Porque lo que nos ocurre en todos y cada uno de los momentos en que estamos aquí, no tengan duda, es único, irrepetible y digno de ser vivido con fruición. Habrá vivencias buenas y malas para nosotros, pero de todo se aprende, y todo -por malo que sea- se pasa mejor con la más positiva de las actitudes posibles. Y es que cada uno de los instantes de la vida es, en sí, flor de un día. Si no nos los creemos y si no los sentimos, incorporándolos a nuestro sentimiento, nos los perderemos irremediablemente. Sinceramente, lo creo así. Y esto, fíjense, se lo dice un tipo racional y analítico, quizá muy poco emocional, pero que a partir de la cabeza llegó a esta conclusión hace ya alguna década. No vale la pena, pues, quedarse en lo meramente operativo, engancharse en detalles irrisorios relacionados con alguna forma particular de vida o de entendimiento, o amargarse por cuestiones que pueden parecer montañas pero que, vistas desde la perspectiva oportuna, no son más que granos de arena. Como dice el proverbio, hay problemas y chorradas. Y todo lo que no sean verdaderos problemas, no tiene sentido que nos estropeen uno de estos días, irrepetibles y efímeros, que forman parte de nuestro tesoro más preciado: existir.

Esta actitud me parece especialmente importante hoy, en un momento en el que parece que volvemos de alguna forma a un cierto nivel de autarquía, a la cerrazón, a las miras más cortas y a una sociedad un tanto más oscura. Y si no que se lo pregunten, porque es un buen caleidoscopio de la realidad, a la democracia más avanzada del mundo. Ayer, por casualidades de la vida, me disponía a tomar café con un amigo. Y, de repente, aparece por allí alguien a quien conocía mi amigo, profesor en una universidad norteamericana y expatriado desde hace muchos años de nuestra Galicia. Estaba de paso, y el encuentro sirvió para una interesante conversación a tres, de esas que a mí me enriquecen y me aportan. Una charla improvisada con alguien a quien no conocía de nada, pero que me sentó bien.

Él nos contó su visión de la América de Trump, en los albores de lo que será una presidencia polémica y no exenta de consecuencias a nivel nacional, regional y mundial. Una visión desde una atalaya peculiar, la de profesor extranjero, en una universidad de referencia, durante años.
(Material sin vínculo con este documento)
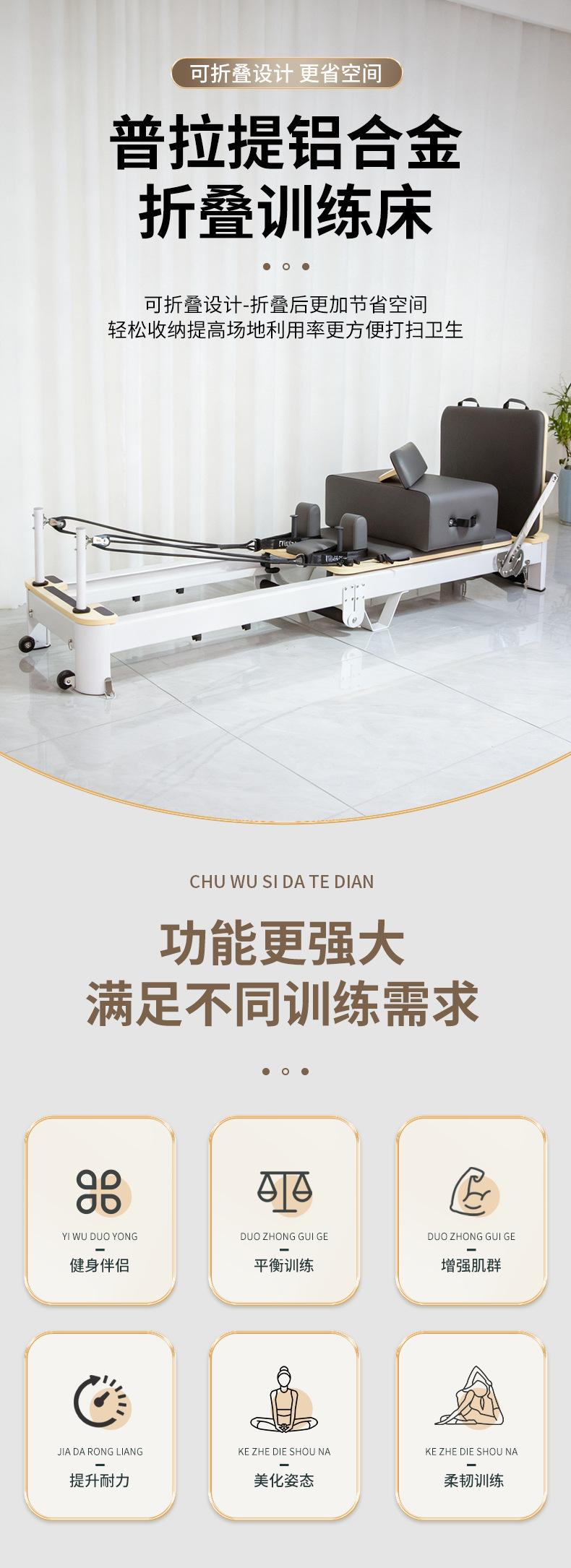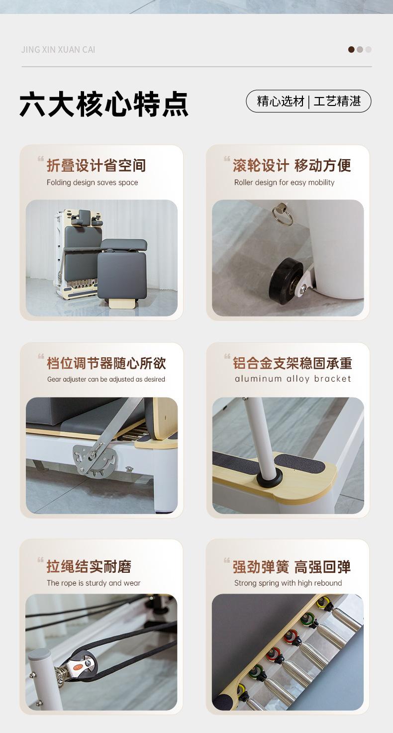 Cama Pilates de Aleación de Aluminio con Núcleo Plegable Equipo de Gimnasio para Estudio de Yoga Pista Completa Cama de Aleación de Aluminio con Núcleo
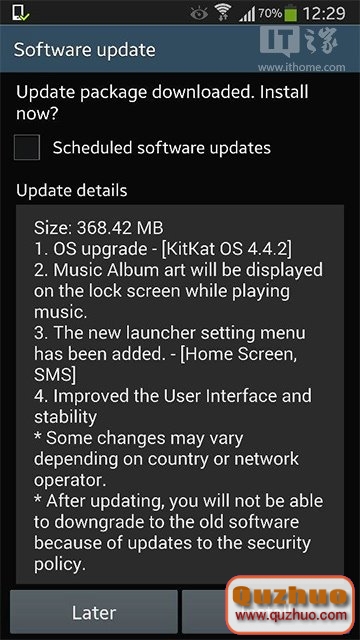 據外媒報道,比利時、希臘、馬來西亞和波蘭的三星Galaxy S4(I9505)用戶日前已經開始收到OTA推送最新的Android 4.4.2系統更新。
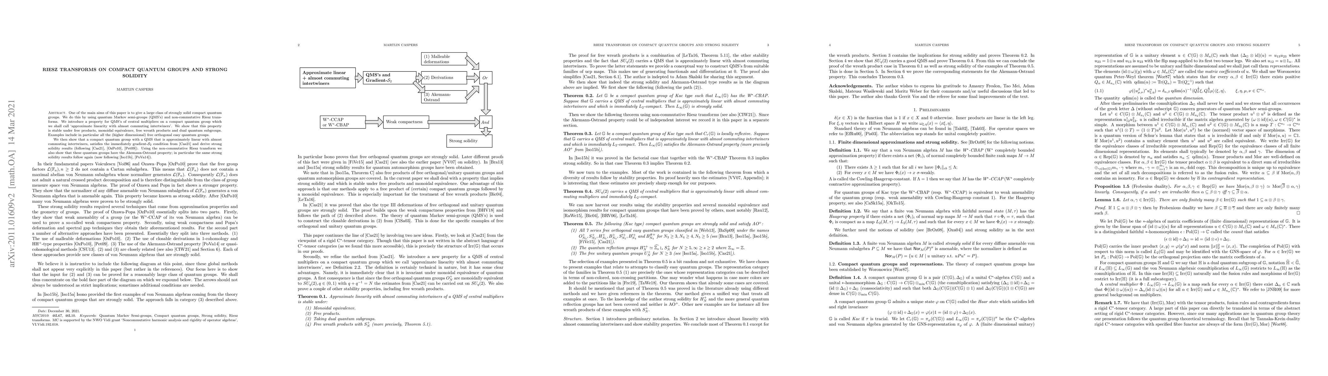 One of the main aims of this paper is to give a large class of strongly solid compact quantum groups. We do this by using quantum Markov semi-groups (QMS's) and non-commutative Riesz transforms. We introduce a property for QMS's of central multipliers on a compact quantum group which we shall call approximate linearity with almost commuting intertwiners. We show that this property is stable under free products, monoidal equivalence, free wreath products and dual quantum subgroups. Examples include in particular all the (higher dimensional) free orthogonal easy quantum groups. We then show that a compact quantum group with a QMS that is approximately linear with almost commuting intertwiners, satisfies the immediately gradient-$\mathcal{S}_2$ condition from [Cas21] and derive strong solidity results (following [Cas21], [OzPo10], [Pet09]). Using the non-commutative Riesz transform we also show that these quantum groups have the Akemann-Ostrand property; in particular the same strong solidity results follow again (now following [Iso15b], [PoVa14]).

Y en una ciudad, por supuesto, que no es en ningún modo uno de los principales feudos del nuevo inquilino de la Casa Blanca. Nuestro interlocutor nos explicaba que, según la doctrina Trump, se presenta precisamente a estas grandes ciudades mucho más cosmopolitas e interconectadas con el resto del mundo como un problema, cuando la prosperidad de los Estados Unidos tiene que ver mucho más con ello que con las zonas más rurales y conservadoras, más cerradas en sí mismas, que han aupado al candidato republicano a la presidencia. Y, fruto de esta y otras lógicas de desgaste y erosión, nuestro interlocutor nos presentaba a una sociedad inmersa en una cierta zozobra, con enormes colectivos preocupados por la deriva que puedan tomar las cosas a partir de los mensajes xenófobos y excluyentes auspiciados desde el poder.

Fue un rato agradable en torno a un café y unas ideas, sí. Y, de vuelta a casa, reflexionaba yo sobre la trasposición de esta doctrina a nuestra vieja Europa. Sobre el frustrado -por ahora- Nexit, o por lo que sucederá dentro de poquito tiempo en Francia y en Alemania. Sobre las grandes transformaciones que necesita nuestro país para convertirse, de una vez por todas, en una sociedad moderna. O, ligando con algunos de los anteriores artículos, con el actual pie cambiado que tiene Europa en muchos de los aspectos que hoy mueven el mundo...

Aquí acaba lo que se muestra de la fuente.